Indicator Name Production
BUT AT WITH
Product cost, rub. 900 900 900
Variable expenses of specific type, rub. 400 350 300
Permanent losses, thousand rubles 2 000 2 250 2 500
Break-even level in pieces of products sold 3 000 3 273 3 500
Volume of production, pcs .:
First option 4 000 4 000 4 000
Second option 4 600 4 600 4 600
Percentage increase in production 30 30 30
Profit volume, thousand rubles
First option 3 400 3 400 3 400
Second option 3 880 3 880 3 880
Volume of losses, thousand rubles:
First option 1000 3 000 3 100
Second option 3 080 3 150 3 220
Net income, thousand rubles
First option 600 500 400
Second option 900 830 760
Percentage increase in profit,% 60 82,5 120
Production Leverage Ratio 3 4,125 6

Thus, the higher the ratio of variable costs to constant, the higher the leverage ratio. It can also be seen from the table that the highest degree of production risk is observed at enterprise C. The higher the fixed costs, the higher the break-even level, the worse for production, since its financial strength is lower, and the ability to survive under strong changes in the market is lower.

analysis of solvency and financial stability of the enterpriseTo calculate the size of financial strength, the net revenue is taken and the break-even level is subtracted from it. The amount received is again divided by revenue. This is one of the ways in which an analysis of the financial stability of an enterprise can be performed.

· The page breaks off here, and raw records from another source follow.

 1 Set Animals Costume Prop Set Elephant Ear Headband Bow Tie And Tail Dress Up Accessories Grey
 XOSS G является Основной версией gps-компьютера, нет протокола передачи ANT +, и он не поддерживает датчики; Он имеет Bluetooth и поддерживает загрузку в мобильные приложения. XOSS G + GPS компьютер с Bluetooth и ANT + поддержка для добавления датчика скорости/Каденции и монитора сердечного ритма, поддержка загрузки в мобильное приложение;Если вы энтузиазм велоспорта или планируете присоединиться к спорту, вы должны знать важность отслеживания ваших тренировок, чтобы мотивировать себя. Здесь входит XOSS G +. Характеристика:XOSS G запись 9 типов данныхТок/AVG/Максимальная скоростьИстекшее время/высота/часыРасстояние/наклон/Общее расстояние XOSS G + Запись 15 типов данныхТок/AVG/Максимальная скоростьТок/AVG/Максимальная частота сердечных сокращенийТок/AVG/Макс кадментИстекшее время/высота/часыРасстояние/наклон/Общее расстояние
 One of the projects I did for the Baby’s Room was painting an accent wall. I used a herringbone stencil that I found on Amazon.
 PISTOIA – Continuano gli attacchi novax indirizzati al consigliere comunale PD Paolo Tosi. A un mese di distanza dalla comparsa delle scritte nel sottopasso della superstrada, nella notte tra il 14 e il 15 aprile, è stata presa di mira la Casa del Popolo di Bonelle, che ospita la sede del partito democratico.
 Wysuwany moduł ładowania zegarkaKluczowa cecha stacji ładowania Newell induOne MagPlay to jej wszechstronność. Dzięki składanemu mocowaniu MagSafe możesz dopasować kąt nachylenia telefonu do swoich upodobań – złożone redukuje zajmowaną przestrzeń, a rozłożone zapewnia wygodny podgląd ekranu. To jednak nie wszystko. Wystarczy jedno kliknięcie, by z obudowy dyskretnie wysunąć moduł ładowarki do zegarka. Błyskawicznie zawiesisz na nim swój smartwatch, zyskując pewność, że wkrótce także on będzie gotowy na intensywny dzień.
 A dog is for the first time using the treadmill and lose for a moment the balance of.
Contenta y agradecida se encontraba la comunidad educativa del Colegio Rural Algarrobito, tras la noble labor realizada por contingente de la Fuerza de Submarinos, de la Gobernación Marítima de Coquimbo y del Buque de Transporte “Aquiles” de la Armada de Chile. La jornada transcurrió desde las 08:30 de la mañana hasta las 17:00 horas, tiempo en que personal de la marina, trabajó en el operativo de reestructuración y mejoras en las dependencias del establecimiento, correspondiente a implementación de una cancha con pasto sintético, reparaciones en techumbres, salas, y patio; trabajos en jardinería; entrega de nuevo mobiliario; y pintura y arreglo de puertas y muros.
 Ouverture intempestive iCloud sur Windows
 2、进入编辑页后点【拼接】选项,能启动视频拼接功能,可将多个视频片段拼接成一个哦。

Indicator Name Past period Current

period

Net revenue minus all tax payments 84414 98120
Revenue from the sale of goods, thousand rubles 16477 19597
Cost of sales, thousand rubles 68937 79523
Variable expenses, thousand rubles 48857 52955
Fixed costs, thousand rubles 20180 26668
Total coverage margin, thousand rubles 36557 46165
Margin to profit ratio,% 0,5263 0,565
Break-even volume, thousand rubles 48100 58135
Financial Strength:
thousand roubles. 37285 41013
% 43,5 41,2

Thus, an analysis of the financial stability of the enterprise shows that the plant only last year needed to sell products worth more than 48 thousand rubles. And even with such revenue, which is clearly visible from the table, the real profitability of production is practically zero. But the actual revenue exceeded 84 thousand, which exceeds the threshold of the critical amount by 43.5%. Actually, this is the margin of the desired strength. As we again see from the table, in the reporting year this indicator dropped to 41.2%. However, the safety margin of the enterprise is still quite high.

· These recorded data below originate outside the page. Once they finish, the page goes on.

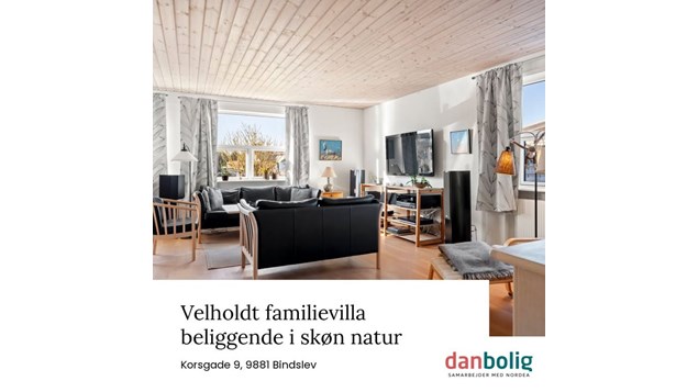 Korsgade 9 i Bindslev er en rummelig og velholdt familievilla, der kombinerer hjemlig komfort med naturskønne omgivelser.
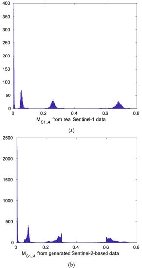 Histograms of and for real-life Sentinel-1 images (a) and simulated data using Sentinel-2 images (b).
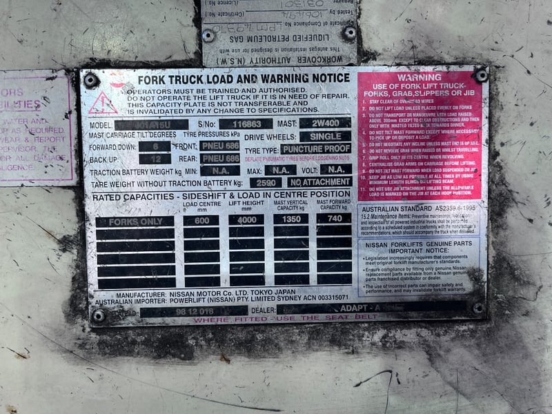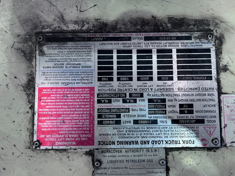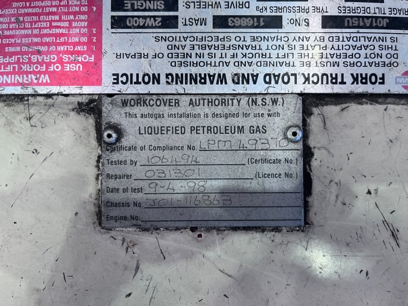 2000 Nissan J01A15U 1.5T Counter Balance Forklift. Year: 2000Make: Nissan Model: J01A15UBody: Forklift Hours Indicated: 2331.3hSerial Num: 116863Tare: 2590kgsFuel: Petrol/LPG Description:- Leather Seats - Up/down - Forward/Back Tilt - Top Mount Lights - Rear Beacon CHASSIS: J01116863Enquiry: Jonathan N | 0400 733 207 | [email protected] Location: Silverwater, Sydney NSW
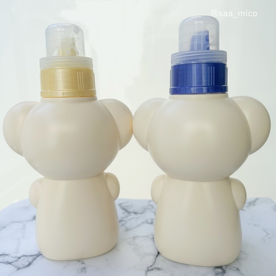 限定のくまさんボトルが可愛すぎて 我が家は洗濯機に直入れするのでボトル関係ないにも関わらず(笑) Amazonでポチってしまいました😂 しっかり香るので匂いの持続力重視派さんに! どちらもあまりクセのない香り 洗面所に置いているとすごく可愛くて とにかく癒されるボトル…♡
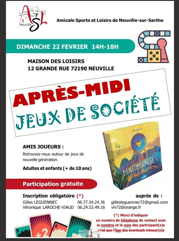 Après midi Jeux de Sociétés : atelier ouvert à tous et toutes dès 11 ans le dimanche 22 février 2026 de 14 h 00 à 18 h 00 - Maison des Loisirs de Neuville
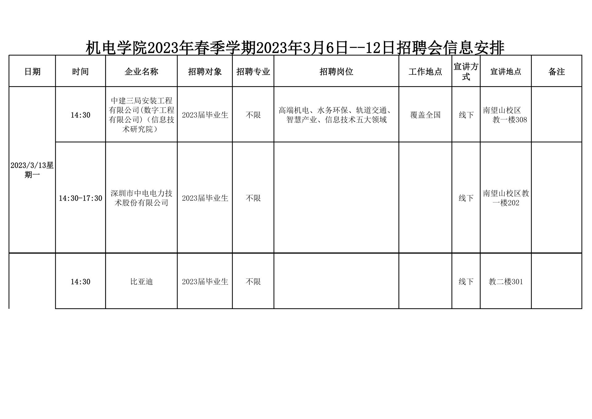 【毕业生·2023年3月13日--18日招聘会信息】beat365唯一官方网站2023年春季学期2023年3月13日--18日招聘会信息安排
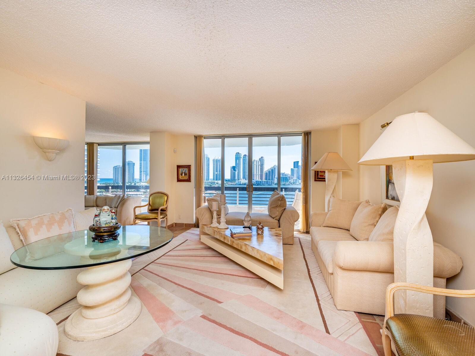 Large corner unit 2Bed/2Bath in the Prestigious Mystic Point with spectacular water views from every room. This unit offers an open floor plan, Wrap around balcony, Full-service building: Amenities include tennis courts, a pool & spa, two meeting & party rooms, a grocery store, valet, gym, marina concierge, lush ground with a walking path along the canal, shuttle stop, and much more. Mystic Pointe is located minutes from the Aventura Mall, Sunny Isles Beach, and walking distance from the house of worship. The exclusive Turnberry golf course is just minutes away. Great school district.
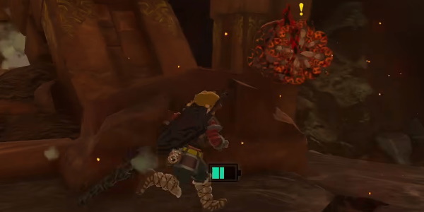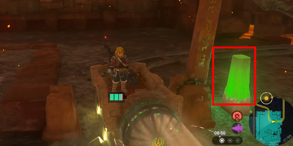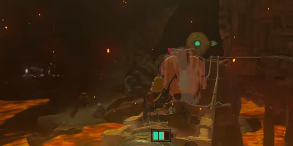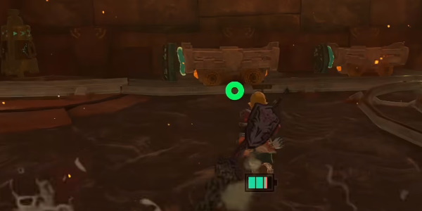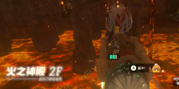 7、我们回到刚才小车停车的位置,然后攻击右侧的机关可以放行,然后我们启动轨道车就能前往火之神殿2F。
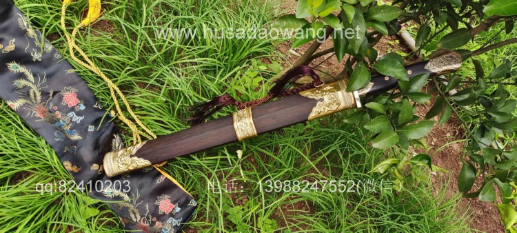 商品简介:这款精品宝剑剑身采用户撒高性能红钢全手工锻造,配方热处理而成,造型为经典四面剑,流畅剑身美观大方,剑身宽厚性能超强,轻松砍铁砍钢筋!剑体一体全龙骨锻造,极为结实耐用,剑柄永不断裂,护手和尾端为实心纯铜手工雕刻而成,非常精细古朴,剑鞘为上等黑檀木外包黄铜件加固古香古色韵味深长!这款剑即可装饰办公室和家里镇宅,又可户外劈砍使用,收藏实用佳品!

But if this trend continues, and this confirms the analysis of solvency and financial stability of the enterprise, then it goes to bankruptcy. Therefore, it is extremely important for the economists of the enterprise to constantly monitor the margin of profitability, and to prevent any tendencies to its sharp change. This is extremely important for the overall financial stability of the company. In some cases, the management board even has to take unpopular measures, such as cutting costs or cutting staff. However, almost all businessmen agree that such behavior nevertheless speaks of low professionalism.

About business risk

 financial stability analysisFinally, we talk about business risk. It is extremely dependent on demand (more precisely, on its variability), cost of sales, inflation and the general rate of economic growth in the country: it approaches the minimum mark if, with moderate inflation, the cost of production grows, but demand does not remain the same.On the contrary, if the rate of depreciation of money increases sharply, then the purchasing power of consumers falls, as well as sales volumes. Naturally, any solvency analysis and financial stability of the enterprise will show in this case frustratingly low results.